Она снова, в который уже раз, улыбнулась, вспомнив, как на рынке неприметный продавец картошки сначала долго вглядывался в ее лицо, а потом вдруг охнул и прижал заскорузлые темные пальцы к грязному ватнику.
– Это вы! Как долго я вас искал! В госпитале все время, пока лежал, спрашивал ваше имя. Но никто не знал. Как тут разобраться, в бою, кто кого вынес? А я вас запомнил, запомнил! Вы меня вытащили на себе под пулями. Навсегда запомнил!
Елена Трофимовна внимательно всматривалась в широкое лицо мужчины и никак не могла узнать его. Да и разве упомнишь в таком-то аду! Нет, кое-кого она, конечно, запоминала – по голосам, по стону, когда ей, хрупкой медсестре, приходилось тащить раненого с поля боя. И вдруг словно молния сверкнула перед глазами.
– Митя?! Ты?
Довольный, что его наконец-то узнали, мужик расхохотался, ловко перешагнул деревянным протезом через ведра с овощами и крепко стиснул свою спасительницу в объятиях.
– Узнала, узнала. Митя я, правильно, Митя. Подо Ржевом, помнишь? Живой я остался, живой, сестричка!
Люди вокруг плакали и вздыхали, наблюдая за их встречей. А он, задыхаясь от радости, все сильнее сжимал ее тоненькие плечи и только приговаривал:
– Спасибо тебе, сестричка, спасибо… Живой я, живой…
Долго, со слезами на глазах, стояли они друг против друга. А когда ликование от первых минут встречи утихло, Митя вручил ей ведро картошки и два кулька с семенами:
– Держи, посадишь дома, на подоконнике, свои помидорки будут. Сорт специальный, махонькие и сладкие. Будешь есть и меня вспоминать. Я ведь теперь каждый день смотрю на жену, на ребятишек и про тебя думаю. Вынесла ведь, живой я!..
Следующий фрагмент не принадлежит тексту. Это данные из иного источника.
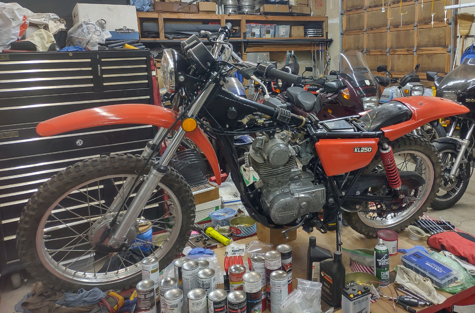 I also have a 78' KL 250 I'm almost done resurrecting for my son. It is almost done. It's got 15k miles on it but was pretty rough. We've got almost everything done but had to cobble up an exhaust system. Only the head pipe was good, the middle is two pieces of CB 900F head pipe and a VF 700S right side muffler. The muffler probably won't last long with a beginning rider. After it dies I'll pick up a small universal muffler.
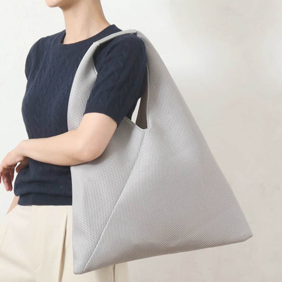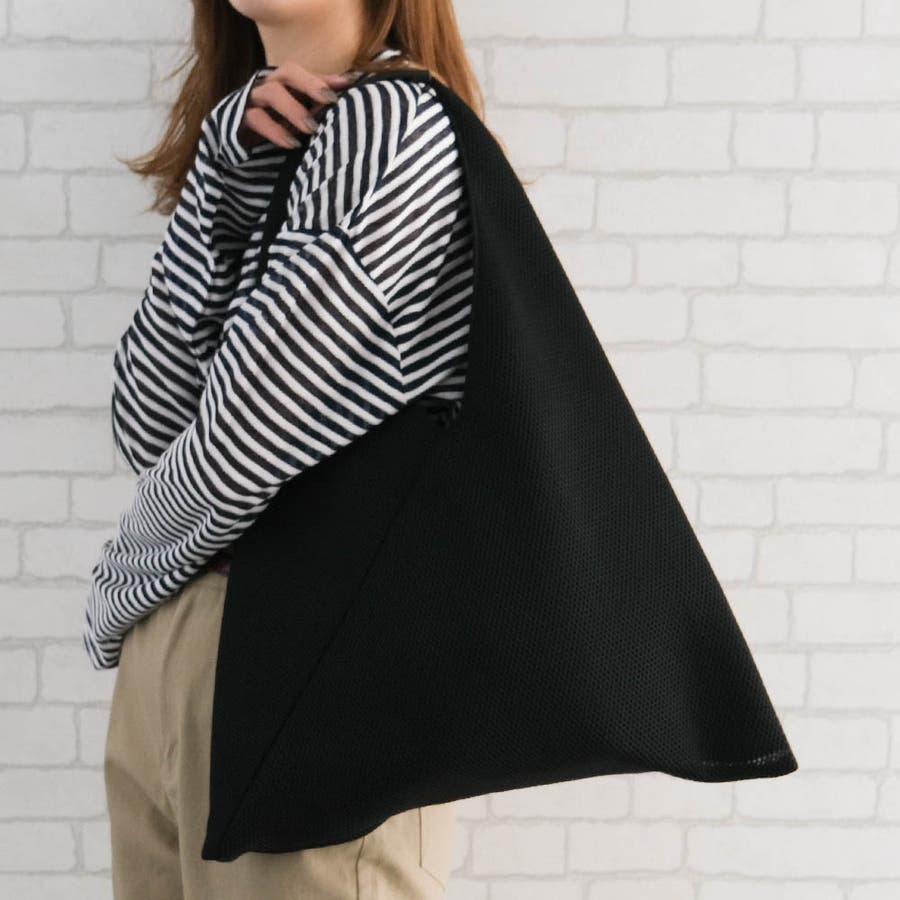 スタイリッシュなデザインのメッシュサンカクトートバッグ
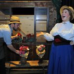 Auch auf dem von Barbara Bichler gemalten Bühnenbild für den ersten Akt dominiert der Alte Peter den Hintergrund. Er blickt auf den Verkaufsstand von Walburga Graf, einer ziemlich resoluten, von Annemarie Ramoser verkörperten, Blumenhändlerin, die nichts über ihre Rosa Centifolia kommen lässt und pikierten Damen, die es wagen, ihre edlen Blumen als “Bauernrosen” zu verunglimpfen schlagkräftig zeigt, wo der Bartel den Most holt.
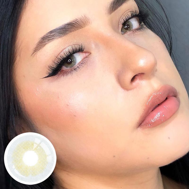 Polar Light Yellow Green transforms each of your gaze. Simple but not boring, palm area colored contact lenses have the purest sand color and deliver the most natural looking yellow eyes you’ve ever seen. The pattern of the natural iris rimless, your eyes will look completely natural.

Не обманул Митя. Теперь каждое утро одинокой женщины начиналось с осмотра своих питомцев – не проклюнулся ли новый листочек.
Вот и сегодня: отстоянной водой из щербатой кружки она осторожно, по капле, начала поить зеленые росточки. Краем глаза наблюдала за суетой во дворе. Возле новенького «Москвича» суетились соседи. Судорогин-старший важно сидел за рулем и с удовольствием рассматривал блестящие кнопки и рычажки, не обращая внимания на женскую возню. Его сын, Альберт, напротив, метался от подъезда к машине, помогал бабушкам укладывать сумки с провизией, бегал в квартиру за забытой корзиной с вареными яйцами.
Если вчера время для него тянулось как капля меда с ложки, то сейчас сборы происходили слишком стремительно. Вот уже захлопнулся багажник, мама заняла свое место на переднем сиденье, рядом с отцом. Бабушки шикнули на Альберта, чтобы он садился между ними, а не у окна, где его точно продует. А он все медлил, выжидал, словно хотел оттянуть что-то страшное и неотвратимое.
Голос матери взвился над двором:
– Альберт, немедленно в машину! Сию же секунду! Нам еще ехать целый час! Отец не железный, чтобы терпеть твои копания!
Он нырнул в свежий, с иголочки, салон, втиснулся в узкое пространство между бабушками и замер в тоскливом предвкушении завтрашнего вечера. Машина фыркнула, спугнула стайку воробьев и покатила со двора.
– Вон Елена из семнадцатой как смотрит, во все глаза. Завидует, никто ее так замуж после войны и не позвал, – зашептала одна бабушка.
– Знамо дело – фронтовичка. Знаем мы, чем они там на фронте с чужими мужьями занимались, – поджала губы вторая бабушка.
– Мама! – выкрикнула с переднего сиденья мать Альберта. – С вами ребенок рядом сидит.
Но Альберт не реагировал на крики родни, он с замиранием сердца смотрел в зеркало заднего вида, как все дальше и дальше удалялся их дом.
* * *
Через две улицы от дома Судорогиных на своей светлой кухоньке хлопотала с утра Антонина. Дочь спала, раскинувшись на старой тахте, сын вытянулся на узенькой кровати, скинув на пол одеяло.
Тоня прокралась на цыпочках в залитую солнцем комнату, бесшумно задернула занавеску, чтобы яркое солнце не разбудило детей. Сама вернулась обратно на кухню, заглянула под полотенце – опара уже поднялась.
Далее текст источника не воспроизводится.